One financial impact of climate change risk that can be assumed is the introduction of carbon pricing (carbon tax, etc.). Accordingly, we estimated the carbon cost in 2030 and 2050 for the 4-degree scenario and the 2-degree scenario with GHC emissions at their current levels. The International Energy Agency scenario, the International Renewable Energy Agency scenario and the current carbon price (emissions trading system, carbon tax and energy tax) were used in our calculations.

(Thousands of yen)

Year 2030 2050
4-degree scenario 223 1,076
2-degree scenario 453 1,803

Risk Management

In the Group, the head of each organization, including senior general managers and general managers, identifies operational risks on an organizational basis, analyzes and evaluates these risks, and reports them to the Sustainability Committee. If a risk that needs to be addressed is discovered, the Sustainability Committee oversees risk management and supports risk management by selecting a person responsible in each organization to address the identified risk and have him or her take necessary measures. In addition, in the event that the Sustainability Committee discovers a significant risk, it will promptly report it to the Board of Directors.

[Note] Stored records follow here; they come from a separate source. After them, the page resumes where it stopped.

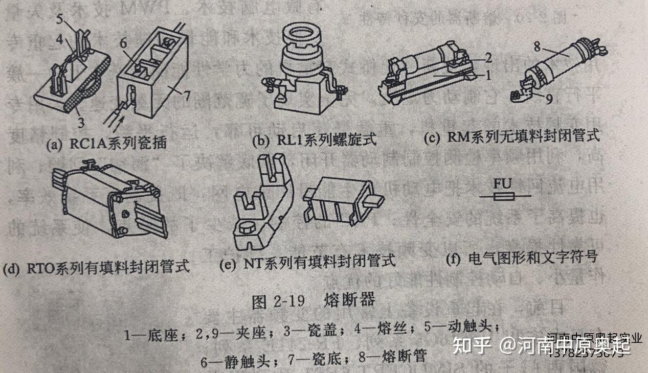 熔断器是由特殊导电材料制成的一种器件,当通过它的电流大于一定值时,能依靠自身产生的热量使溶体熔化而自动分断电路,因此可用于短路保护。熔断器的外形如图2-19所示。
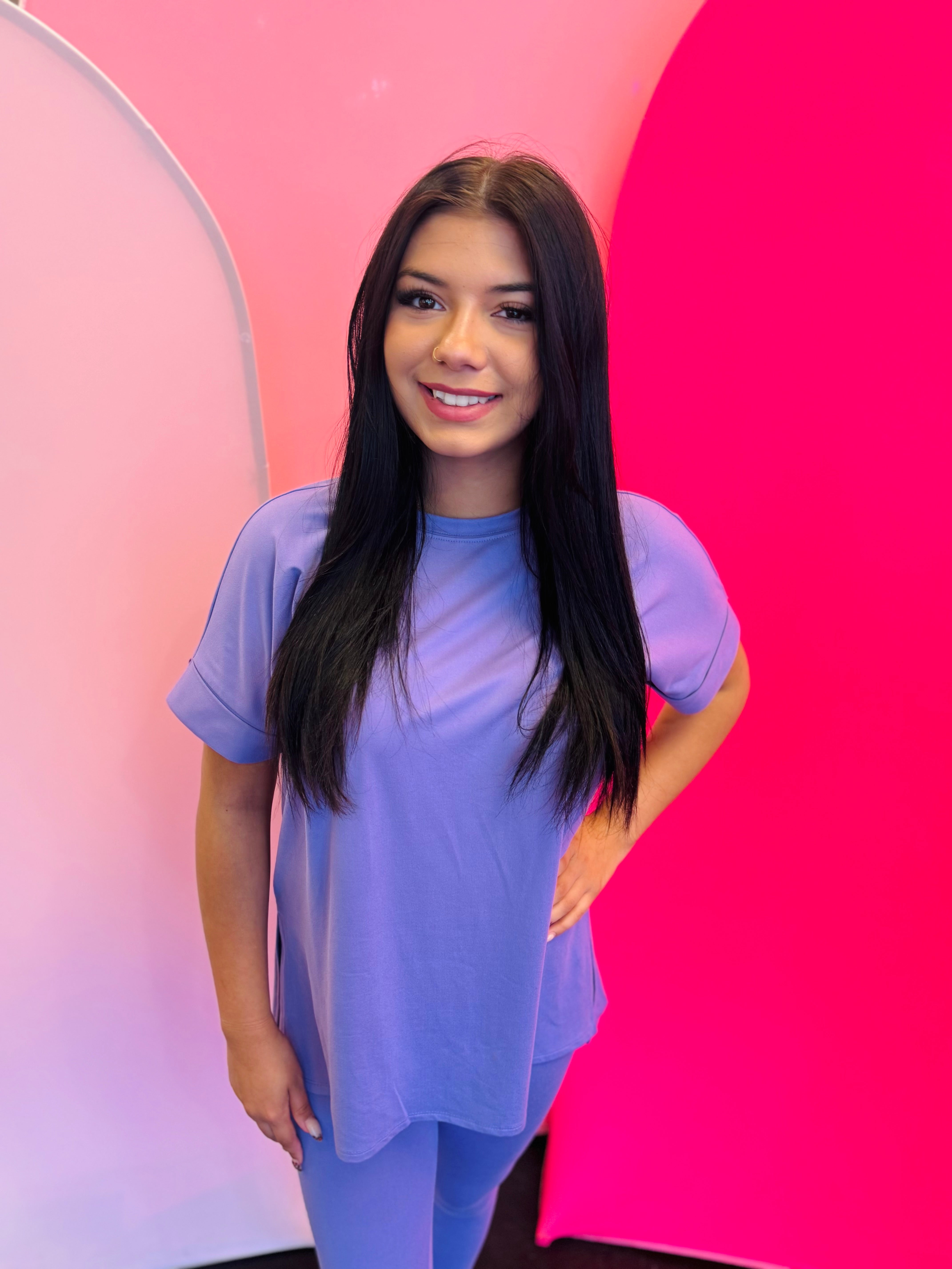 Unwind in the Marlin Loungewear Set. Made with buttery soft brushed microfiber, this set offers perfect stretch and recovery for your ultimate comfort. Enjoy the round neck and hi-low hem top, perfect for relaxing in style. (Say goodbye to stiff and uncomfortable sets!)
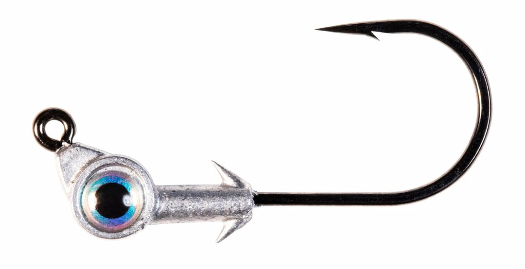 Perfectly balanced to track true at all retrieve speeds, the Eye Strike Swimbait Eye Jighead matches up with an array of popular 3- to 6-inch swimbaits, including the MinnowZ™, SwimmerZ™, and Scented PaddlerZ™. Built on heavy-duty 3/0 and 5/0 VMC® hooks, these jigheads sport a streamlined nose-forward head design that minimizes snagging and fouling. Dual, sharp keeper barbs grip ElaZtech® and traditional plastisol-based soft plastic baits and hold them tight to the jighead.
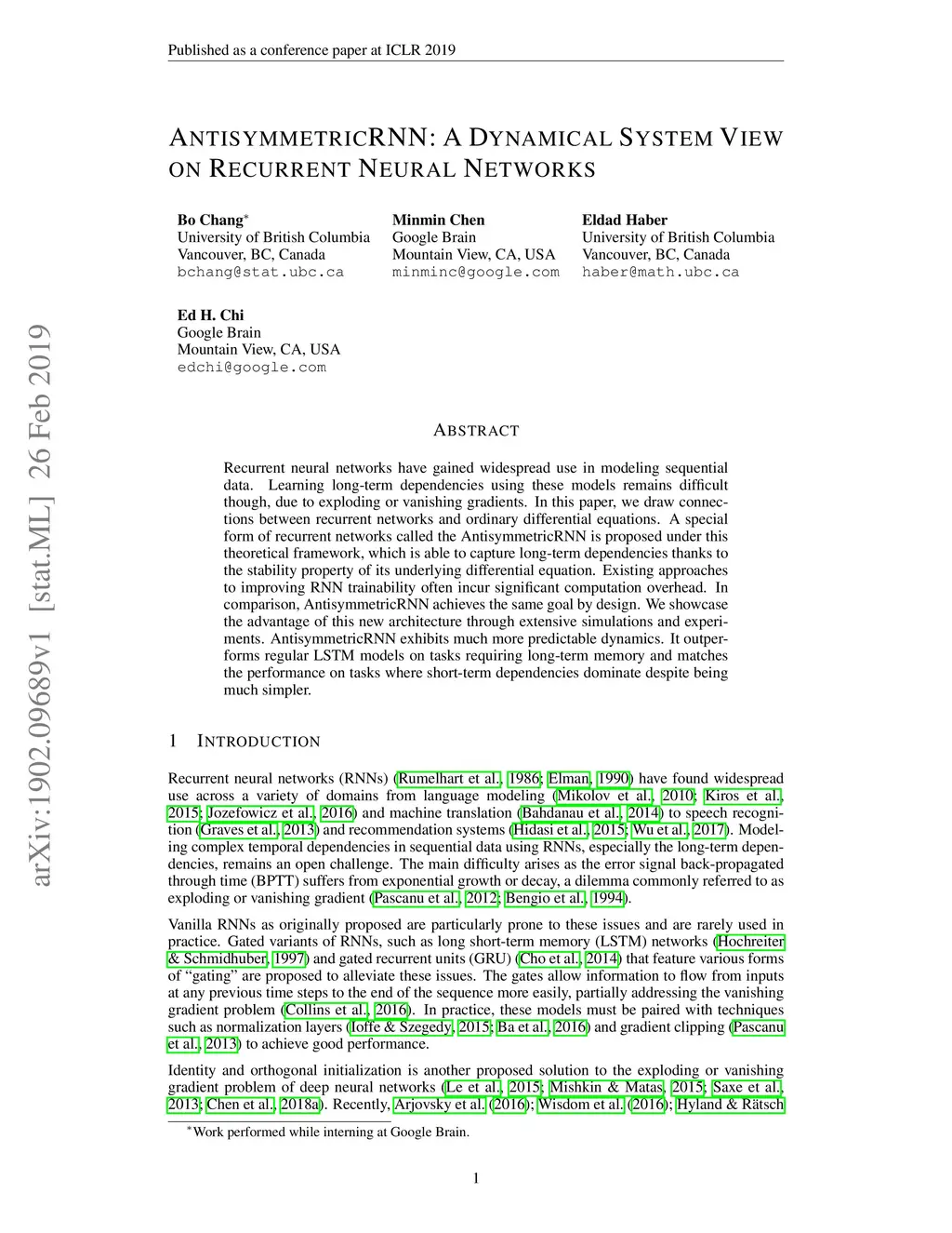 Recurrent neural networks have gained widespread use in modeling sequential data. Learning long-term dependencies using these models remains difficult though, due to exploding or vanishing gradients. In this paper, we draw connections between recurrent networks and ordinary differential equations. A special form of recurrent networks called the AntisymmetricRNN is proposed under this theoretical framework, which is able to capture long-term dependencies thanks to the stability property of its underlying differential equation. Existing approaches to improving RNN trainability often incur significant computation overhead. In comparison, AntisymmetricRNN achieves the same goal by design. We showcase the advantage of this new architecture through extensive simulations and experiments. AntisymmetricRNN exhibits much more predictable dynamics. It outperforms regular LSTM models on tasks requiring long-term memory and matches the performance on tasks where short-term dependencies dominate despite being much simpler.
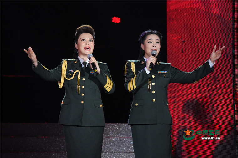 吴娜、钟丽燕演唱歌曲《遵义会议放光芒》。记者王传顺摄影
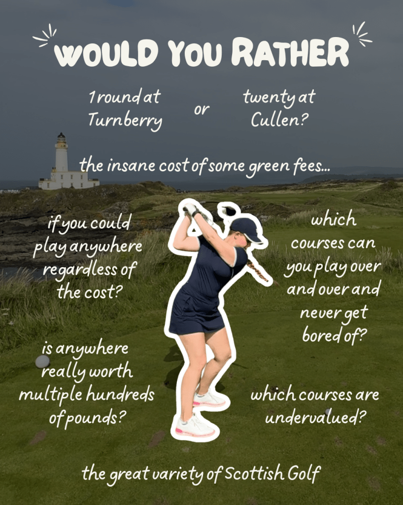 Ep27 | A round at Turnberry or twenty at Cullen? The cost of Scottish Golf 💰 If money was no option, where would we choose to play in Scotland? Is there really over £1,950 difference between a round at Turnberry and a round at your local municipal? With some green fees coming in at far over one club’s annual membership, we discuss which golfing experiences are over (and under!) valued in Scotland 👀 Listen here 🎧
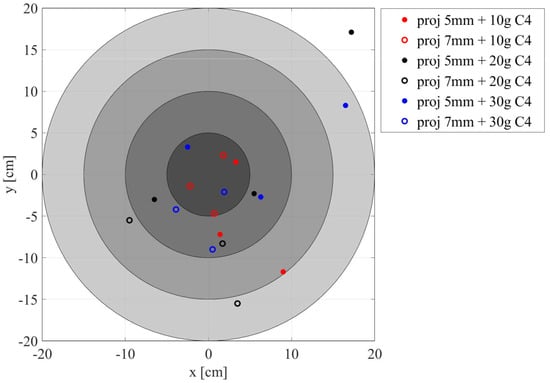 Representation of the dispersion of projectiles impacts using 5 and 7 mm projectile diameters and 10, 20, and 30 g C4 spherical explosive charges.
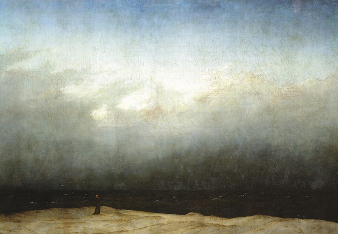‘숭고’를 미술작품으로 나타내면 어떻게 될까. 독일 낭만주의의 대표적 화가인 카스파 다비드 프리드리히 그림을 들 수 있다. 망망대해가 펼쳐지는 바닷가에 수도사가 홀로 외로이 서 있다. 그 앞에 검은 먹구름으로 가득한 하늘이 위협적으로 다가오고 있다. 이 위협적인 자연 앞에서 수도사는 인간이 그저 작고 나약한 존재일 뿐이라고 생각한다. 그리고 잠시 후, 거대하고 장엄한 자연 앞에서 외경심을 갖게 되고, 경이로움과 찬탄의 감정에도 휩싸인다. 위협적인 자연과 인간의 대비를 통해서 숭고미를 표현한 전형적인 작품이다.
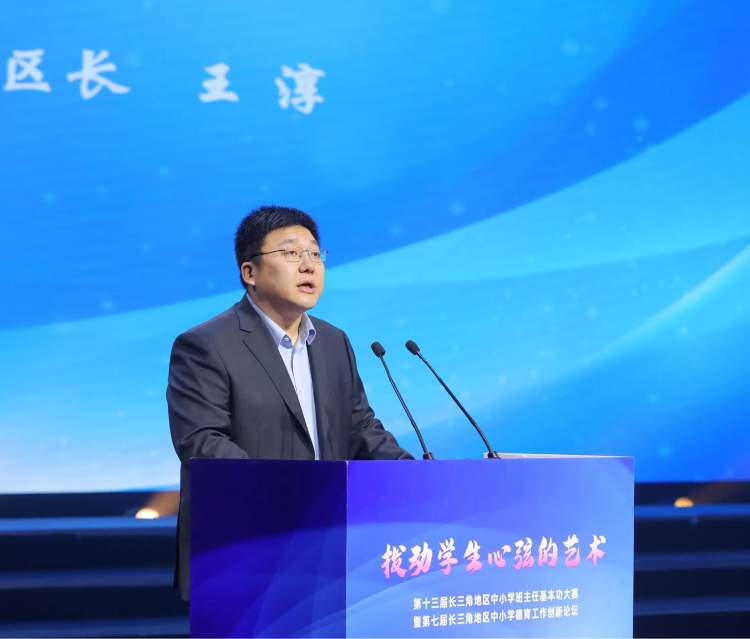 王淳代表奉贤区政府对长三角地区中小学班主任基本功大赛和德育论坛的成功举办表示热烈祝贺,对三省一市教育部门、长三角地区中小学德育工作联盟做出的努力表示衷心的感谢。
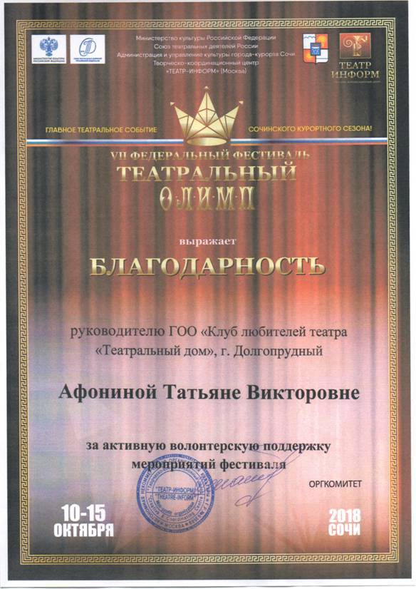 За 2019 год арт-волонтерский отряд городской общественной организации "Клуб Любителей Театра "Театральный дом" провел 57 мероприятий для членов общественных организаций, в результате которых атмосфера в Центре культурно-общественных связей стала более дружественной и объединила в общении между собой общественные организации разной направленности.
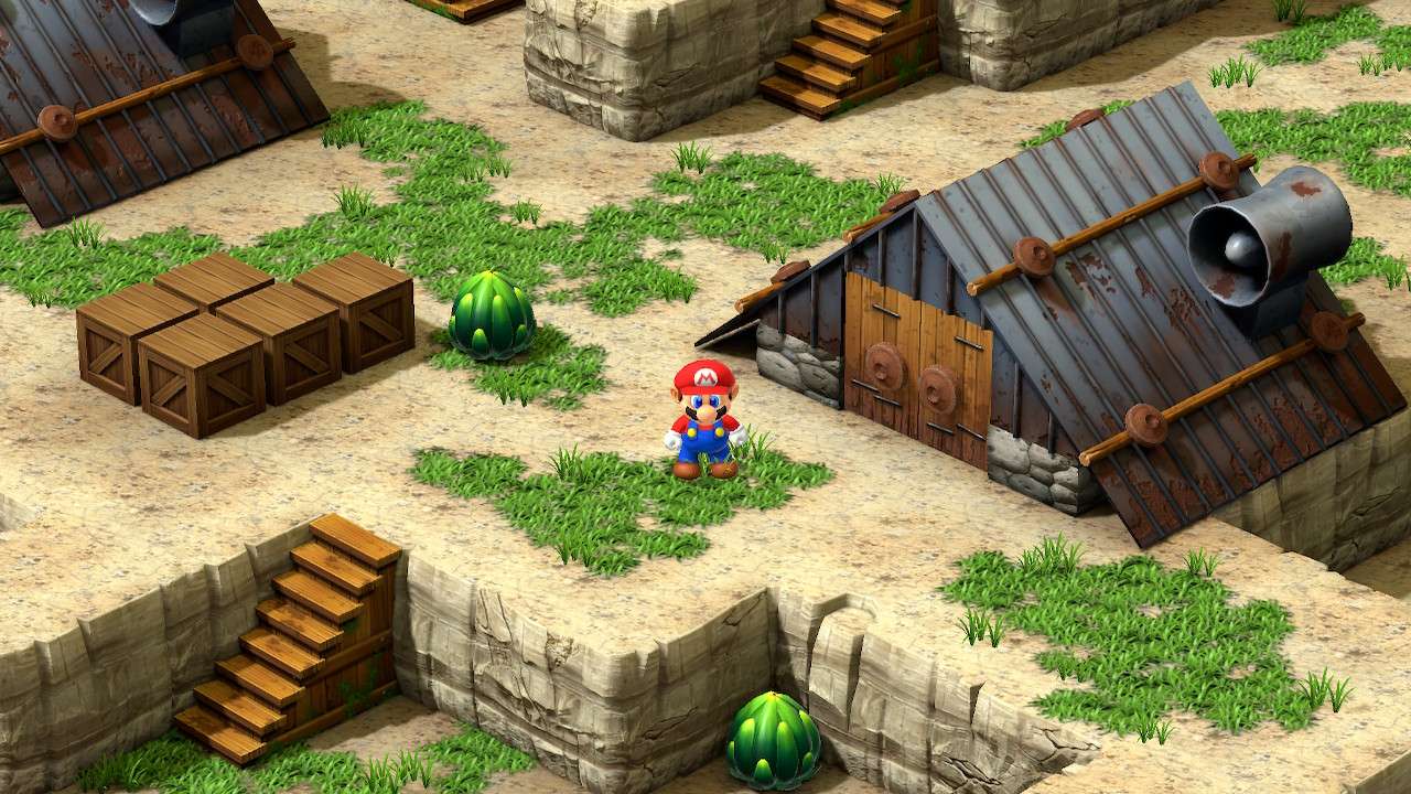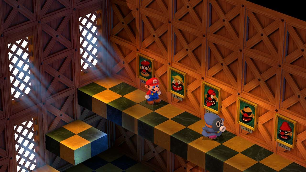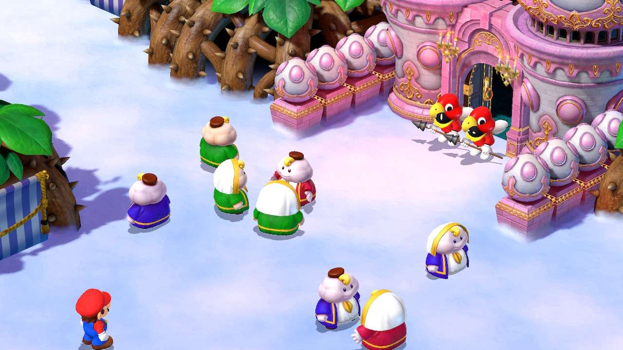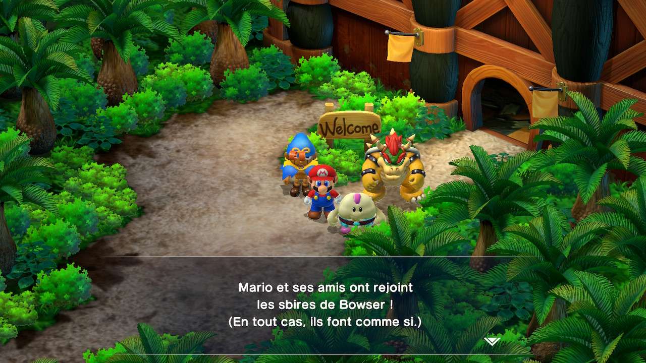 Quelques dialogues ici et là ont été modifiés dans leur esprit, comme une scène où Mario est déguisé en statue, alors présenté par son artiste comme un personnage triste ; Super Mario RPG préfère adoucir cette scène et l’expose désormais comme une figure résolue et forte. Rien de gênant dans les faits et même plutôt raccord avec la vision moderne souhaitée par Nintendo vis-à-vis de la licence et de son héros. Bien que le scénario n’ait jamais été le focus principal d’un titre Mario, même lorsqu’il s’essaie au jeu de rôles, Super Mario RPG peine à susciter notre intérêt. Mélange raté entre le monde de Mario et de l’heroic fantasy, l’univers manque cruellement de liant, tandis que ses nouvelles figures ne parviennent pas à se montrer suffisamment intéressantes pour développer chez le joueur une attache particulière. Si Mallow possède bel et bien une quête personnelle et un développement tangible, Geno lui, parait fade et trop peu intégré au reste du groupe. Finalement, c’est davantage du côté des personnages déjà existants que l’on se plait à suivre et découvrir de nouveaux pans de leur personnalité, à l’image d’un Bowser pleurnichard et soucieux de son image ou d’une princesse Peach enfin désireuse de passer à l’action.
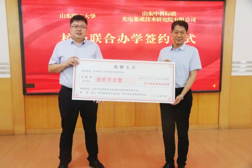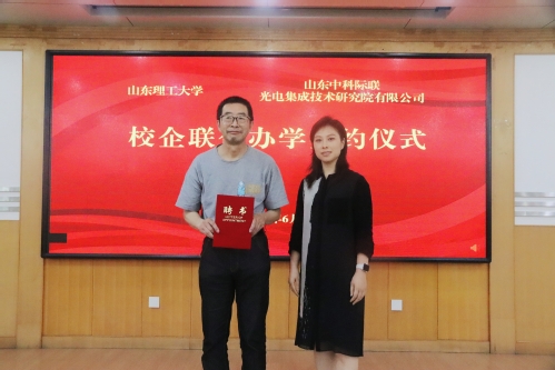 为进一步提高人才培养质量,深化校地融合发展,强化校企合作,6月8日,我校与山东中科际联光电集成技术研究院有限公司校企联合办学签约仪式在鸿远楼一楼报告厅举行。我校党委常委、副校长苏守波出席仪式并致辞,山东中科际联光电集成技术研究院有限公司董事长张阳、企业相关部门负责人,学校教务处、合作发展处、William威廉英国相关负责人参加。

Climate change risk is also positioned as one of the most important risks for the entire Company. In response, the Sustainability Committee evaluates climate change risk and reports the details of its review and its response to the Board of Directors at least once a year.

Goals

The Company’s goal is to reduce GHG emissions (Scope 2) from electricity consumption to net zero by 2025. In this manner, the Company aims to realize a decarbonized society.

To reduce GHG emissions, we will strive to save energy and electricity at the office. For energy that is difficult to reduce due to our corporate activities, we will introduce renewable energy sources that do not use fossil fuels and actively utilize the government-certified J-Credit Scheme.